→ **Input data**:
○ ○ ○
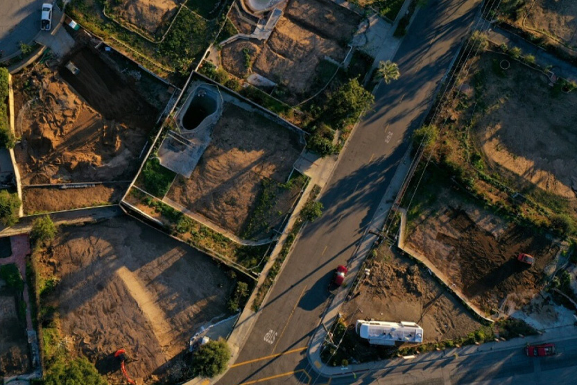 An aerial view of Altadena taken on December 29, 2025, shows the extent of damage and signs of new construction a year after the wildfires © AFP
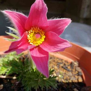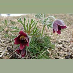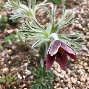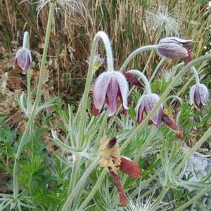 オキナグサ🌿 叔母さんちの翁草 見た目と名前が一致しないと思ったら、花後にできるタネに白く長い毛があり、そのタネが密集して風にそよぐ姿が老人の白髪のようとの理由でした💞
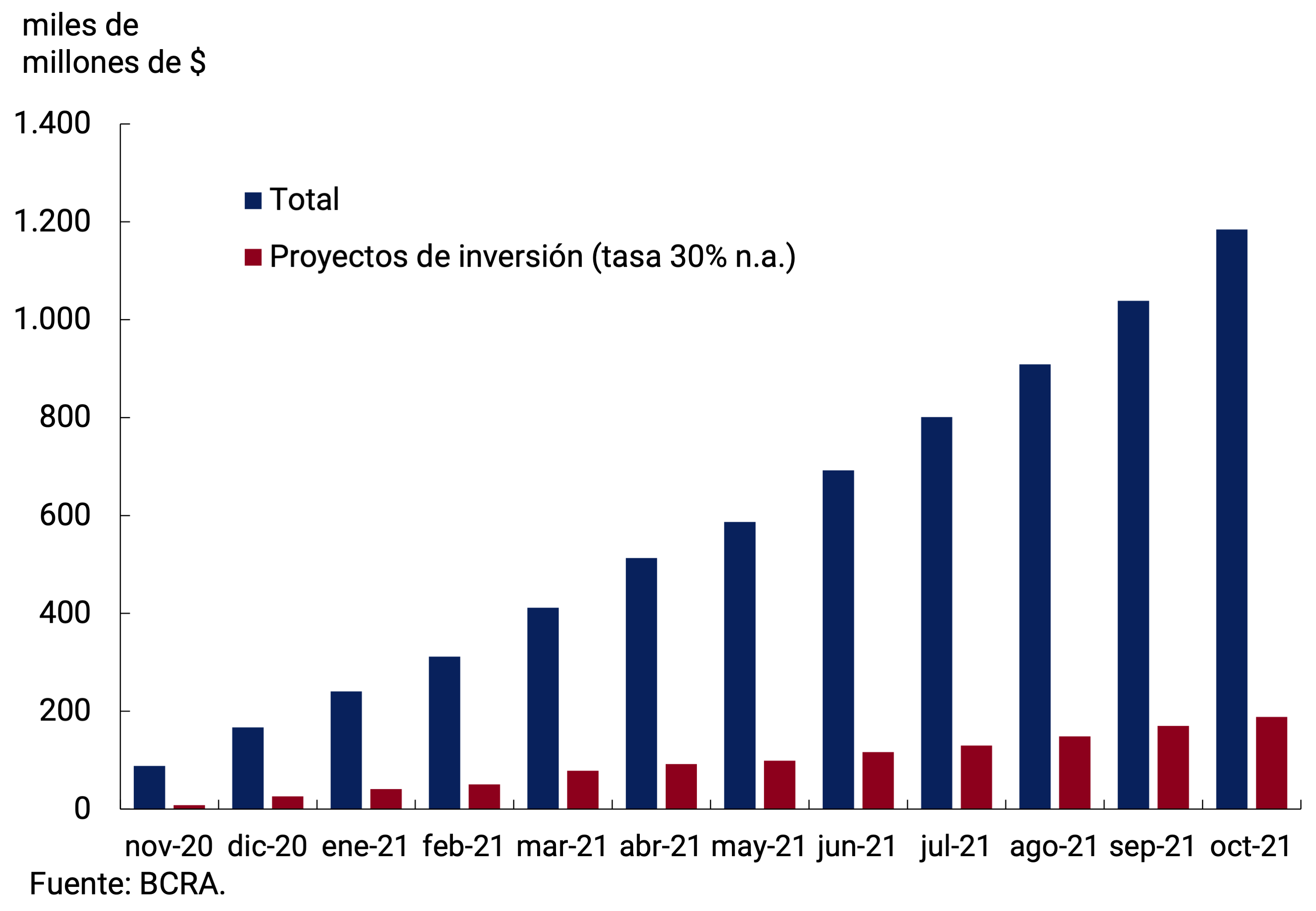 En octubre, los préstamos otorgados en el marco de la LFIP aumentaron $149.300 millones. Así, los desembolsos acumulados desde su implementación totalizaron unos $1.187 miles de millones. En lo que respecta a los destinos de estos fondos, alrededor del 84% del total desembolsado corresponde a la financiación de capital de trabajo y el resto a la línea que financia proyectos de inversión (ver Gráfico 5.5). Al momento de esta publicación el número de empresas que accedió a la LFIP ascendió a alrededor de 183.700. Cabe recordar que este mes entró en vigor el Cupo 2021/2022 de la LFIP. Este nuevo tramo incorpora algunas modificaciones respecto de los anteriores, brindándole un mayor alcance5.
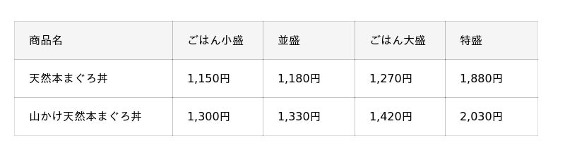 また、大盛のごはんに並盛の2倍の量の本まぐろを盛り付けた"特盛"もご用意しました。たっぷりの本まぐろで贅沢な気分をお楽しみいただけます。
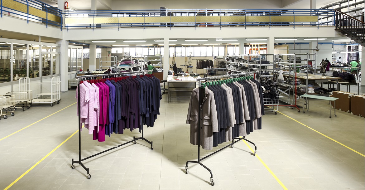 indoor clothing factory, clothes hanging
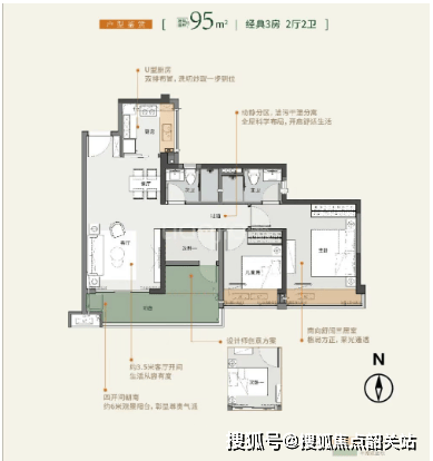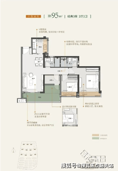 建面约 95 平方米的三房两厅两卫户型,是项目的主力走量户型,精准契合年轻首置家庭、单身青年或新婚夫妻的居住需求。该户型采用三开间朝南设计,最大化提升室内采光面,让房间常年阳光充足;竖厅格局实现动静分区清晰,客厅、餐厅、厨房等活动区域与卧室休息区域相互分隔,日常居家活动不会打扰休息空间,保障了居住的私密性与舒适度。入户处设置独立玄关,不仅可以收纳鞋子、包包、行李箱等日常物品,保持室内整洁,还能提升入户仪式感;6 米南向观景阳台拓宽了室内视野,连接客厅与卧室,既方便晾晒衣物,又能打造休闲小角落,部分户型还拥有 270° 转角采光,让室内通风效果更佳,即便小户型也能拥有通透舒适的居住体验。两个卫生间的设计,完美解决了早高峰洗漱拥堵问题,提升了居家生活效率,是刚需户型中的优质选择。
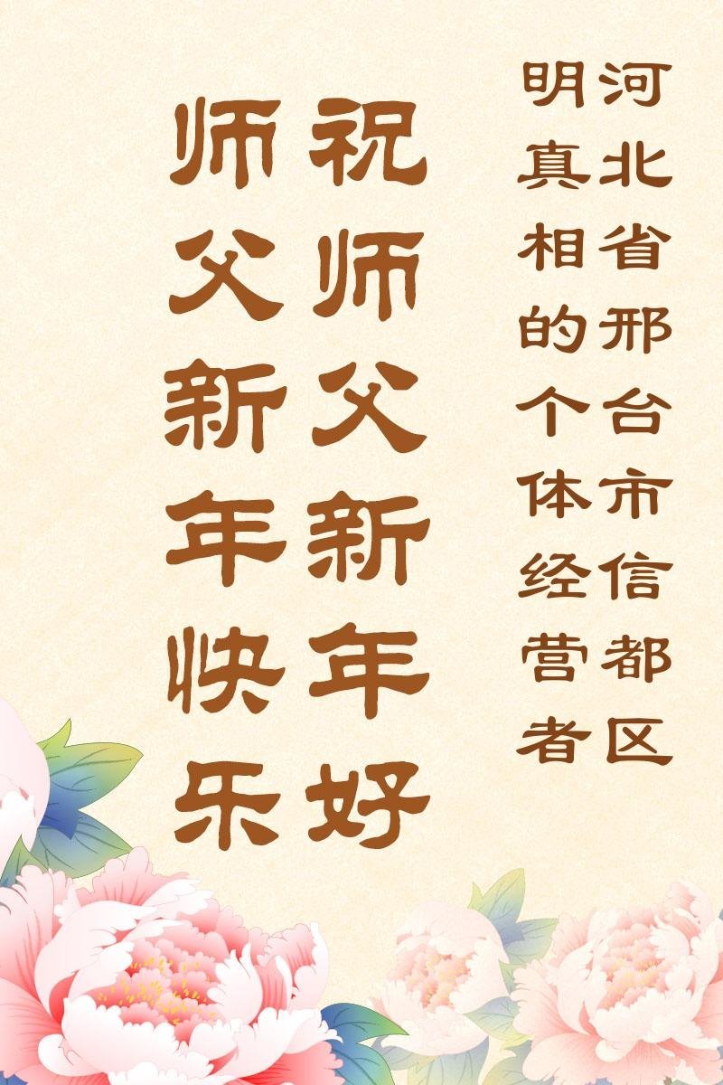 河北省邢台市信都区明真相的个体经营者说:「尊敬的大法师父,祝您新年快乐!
○ ○ ○
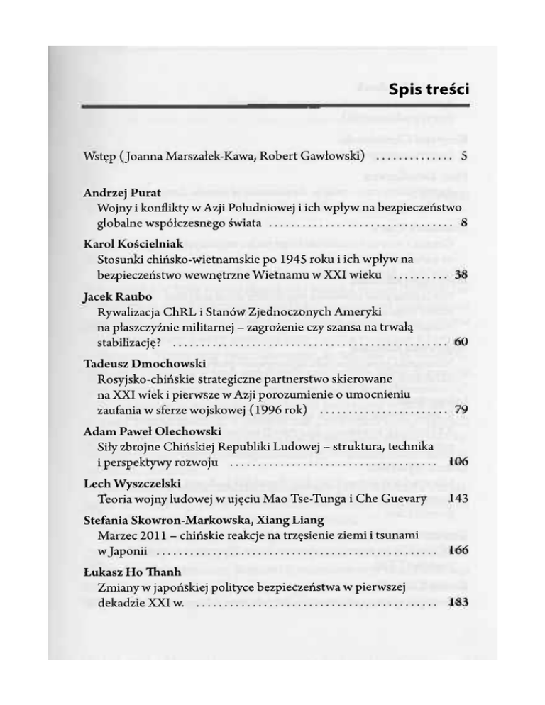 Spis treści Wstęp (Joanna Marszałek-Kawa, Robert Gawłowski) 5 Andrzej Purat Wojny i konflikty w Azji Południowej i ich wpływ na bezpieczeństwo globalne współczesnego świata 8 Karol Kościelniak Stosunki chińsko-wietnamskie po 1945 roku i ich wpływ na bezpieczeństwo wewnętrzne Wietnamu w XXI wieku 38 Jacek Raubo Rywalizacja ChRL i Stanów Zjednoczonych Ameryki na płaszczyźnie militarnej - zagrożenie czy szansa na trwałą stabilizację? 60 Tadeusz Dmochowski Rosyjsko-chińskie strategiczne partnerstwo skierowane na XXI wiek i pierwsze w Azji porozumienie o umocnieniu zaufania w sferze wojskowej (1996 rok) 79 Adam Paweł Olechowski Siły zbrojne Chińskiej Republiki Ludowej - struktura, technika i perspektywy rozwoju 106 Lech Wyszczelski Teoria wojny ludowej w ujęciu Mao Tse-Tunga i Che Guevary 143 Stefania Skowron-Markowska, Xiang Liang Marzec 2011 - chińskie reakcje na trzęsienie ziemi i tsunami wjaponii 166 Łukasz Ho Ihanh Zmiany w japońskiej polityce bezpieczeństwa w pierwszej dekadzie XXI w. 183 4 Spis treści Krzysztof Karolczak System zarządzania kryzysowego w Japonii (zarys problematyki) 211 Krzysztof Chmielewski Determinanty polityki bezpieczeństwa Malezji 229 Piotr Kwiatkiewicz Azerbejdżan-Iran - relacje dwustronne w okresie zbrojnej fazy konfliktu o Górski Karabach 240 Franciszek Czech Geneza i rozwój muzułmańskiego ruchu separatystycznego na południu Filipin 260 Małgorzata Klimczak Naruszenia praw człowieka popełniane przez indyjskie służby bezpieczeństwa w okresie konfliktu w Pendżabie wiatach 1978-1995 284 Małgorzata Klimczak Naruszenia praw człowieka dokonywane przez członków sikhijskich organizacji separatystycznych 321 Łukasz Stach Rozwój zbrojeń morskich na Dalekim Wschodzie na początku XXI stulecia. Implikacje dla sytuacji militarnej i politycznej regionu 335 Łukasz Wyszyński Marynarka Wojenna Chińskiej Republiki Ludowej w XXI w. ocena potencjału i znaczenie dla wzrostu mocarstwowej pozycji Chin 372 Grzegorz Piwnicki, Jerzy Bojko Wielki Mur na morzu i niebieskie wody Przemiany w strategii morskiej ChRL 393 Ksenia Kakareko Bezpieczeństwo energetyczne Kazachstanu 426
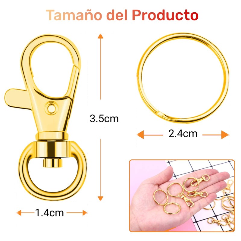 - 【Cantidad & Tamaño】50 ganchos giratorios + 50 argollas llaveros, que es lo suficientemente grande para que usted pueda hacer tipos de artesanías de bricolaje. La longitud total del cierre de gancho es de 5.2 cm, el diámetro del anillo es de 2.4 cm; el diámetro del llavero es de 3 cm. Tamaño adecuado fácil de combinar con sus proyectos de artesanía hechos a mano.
○ ○ ○
→ **Action item**: Your answer is the exact run of lines above from the one with "indoor clothing factory, clothes hanging" through the one with "河北省邢台市信都区明真相的个体经营者说:「尊敬的大法师父,祝您新年快乐!", both ends included, minus any picture.

→ **Worked solution**:
 indoor clothing factory, clothes hanging
 建面约 95 平方米的三房两厅两卫户型,是项目的主力走量户型,精准契合年轻首置家庭、单身青年或新婚夫妻的居住需求。该户型采用三开间朝南设计,最大化提升室内采光面,让房间常年阳光充足;竖厅格局实现动静分区清晰,客厅、餐厅、厨房等活动区域与卧室休息区域相互分隔,日常居家活动不会打扰休息空间,保障了居住的私密性与舒适度。入户处设置独立玄关,不仅可以收纳鞋子、包包、行李箱等日常物品,保持室内整洁,还能提升入户仪式感;6 米南向观景阳台拓宽了室内视野,连接客厅与卧室,既方便晾晒衣物,又能打造休闲小角落,部分户型还拥有 270° 转角采光,让室内通风效果更佳,即便小户型也能拥有通透舒适的居住体验。两个卫生间的设计,完美解决了早高峰洗漱拥堵问题,提升了居家生活效率,是刚需户型中的优质选择。
 河北省邢台市信都区明真相的个体经营者说:「尊敬的大法师父,祝您新年快乐!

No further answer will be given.